# Bam



## PSU (May 15, 2004)

Just ran across this article...

http://www.starzuncut.com/2011/06/1...ardo-pics-damaged-destroyed-wrong-gas-photos/





















> Hey StarzUncut,​ I follow *Bam Margera* on Twitter and just read that his friend Cleveland ruined his $250,000 Lamborghini Gallardo
> 
> 
> 
> ...


----------



## scott_0 (Dec 22, 2010)

atleast the guy didnt hack a sunroof in it while he had it :laugh:


----------



## PSU (May 15, 2004)

scott_0 said:


> atleast the guy didnt hack a sunroof in it while he had it :laugh:


LOL. He probably would have, but you can't do what's already been done.


----------



## SKNKWRX (Sep 27, 1999)

I hate that car good riddance.


----------



## PSU (May 15, 2004)

SKNKWRX said:


> I hate that car good riddance.


Why?


----------



## 20thAEguy (Nov 21, 2003)

The diesel nozle shouldn't of even fit into the fill tube.


----------



## SKNKWRX (Sep 27, 1999)

PSU said:


> Why?


I guess what I dont like is Jackass, They put lame scissor doors on it cut a hole in the roof and it is generally abused and neglected.
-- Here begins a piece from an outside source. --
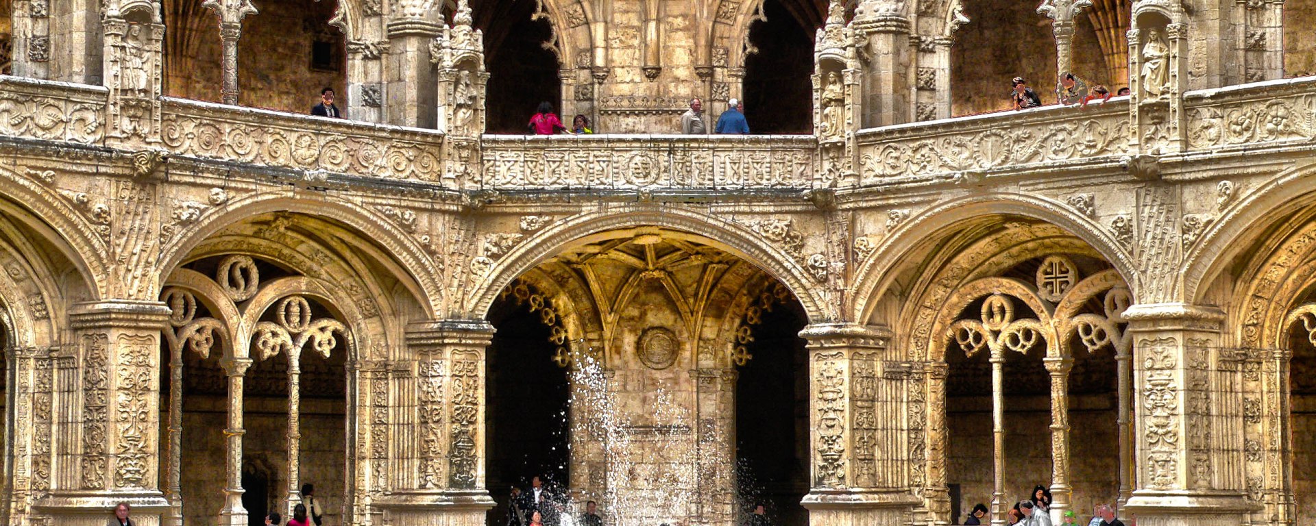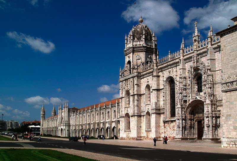 El gigantesco monasterio forma también parte del Patrimonio de la Humanidad, junto con la Torre de Belém. Con ella comparte el estilo arquitectónico y la época de construcción (las obras comenzaron en 1501) en pleno apogeo de los “Descubrimientos”. El Rey Manuel I lo mandó construir para celebrar el feliz regreso de Vasco de Gama desde la India. Se levantó pues, como símbolo del expansionismo portugués y se utilizó para despedir y saludar a los navegantes en sus largos viajes. El monasterio fue confiado a la Orden de San Jerónimo y sus monjes permanecieron en él hasta 1833, año en que fueron expulsados y el complejo fue secularizado.
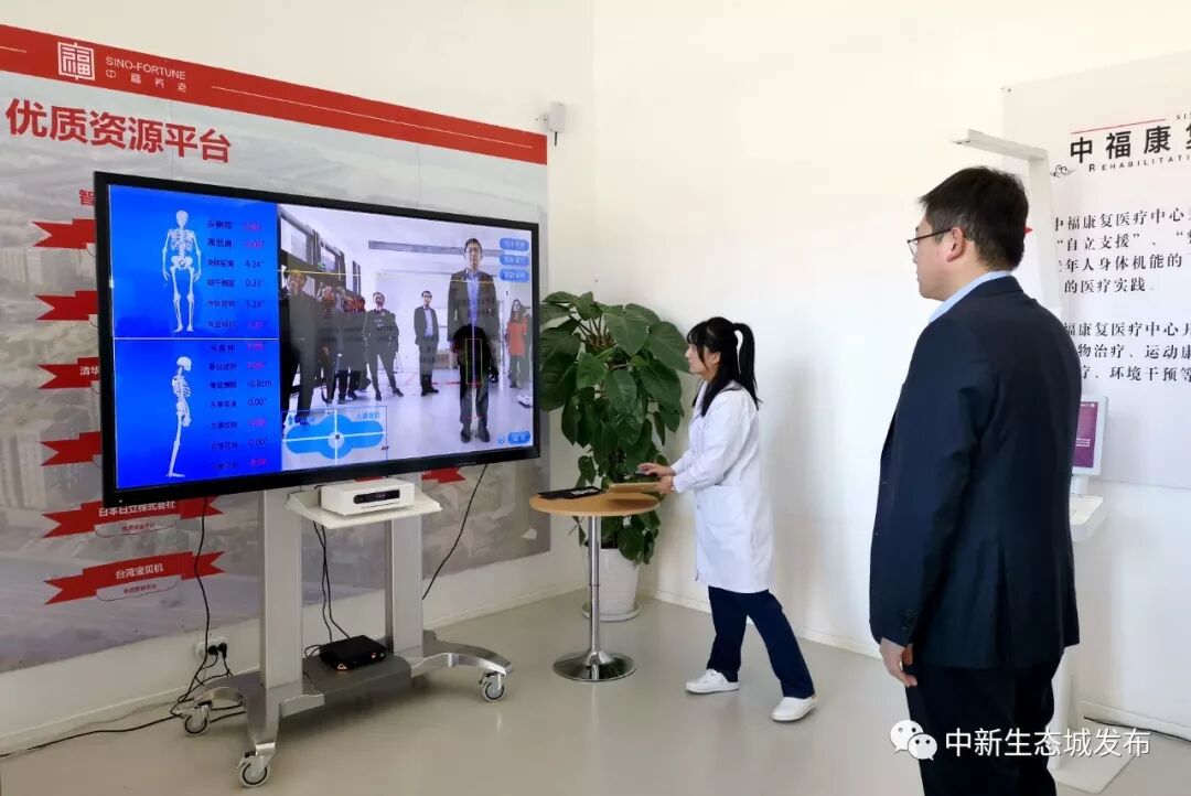 在中福智慧养老服务示范区,类似这样的“前沿合作项目”还有很多。一走进示范区的门口,一台来自日本的红外体感测试仪就能捕捉到来访者的信息,并能根据红外成像及体感技术,对人体静态姿势、步态、平衡等运动功能进行快速评估。只需要几秒钟的时间,通过3D图像生成的人体骨架系统和人工智能分析,就能发现其是否存在高低肩、骨盆倾斜等问题,并据此“对症下药”,开出一张包含饮食、运动等要素在内的“健康处方”。这是中福与日本日立公司合作共建的医养科技服务平台的科技项目之一,从2016年合作至今,一直在免费为生态城内的老人提供场景应用服务,通过对老年人身体机能的动态评估,实现疾病的预防、早发现和早干预,让“智慧”更好地满足老人的退养需求。

They are abusing a car for TV ratings. I also feel the diesel was an intentional bit for publicity.


----------



## vwbeaner (Jun 4, 2007)

some people are retards


----------



## PP-93VR6-T (Apr 29, 2008)

****ing retard!! I'll take it off his hads to fix!! **** he is rich and won't miss it. 


---
I am here: http://maps.google.com/maps?ll=36.579976,-87.431242


----------



## TTurboNegro (Mar 9, 2007)

He should give it away and someone could have a $45k Gallardo


----------



## Jetta30 (Sep 5, 2011)

Not a fan of the color, but this looks like a publicity stunt. I mean those guys arent exactly geniuses, but come on, anyone knows not to put Diesel into a Lambo!


----------



## Tommygunsaf (Jun 3, 2010)

Well they don't really take car of much of anything they do have so I am not surprised! :laugh:


----------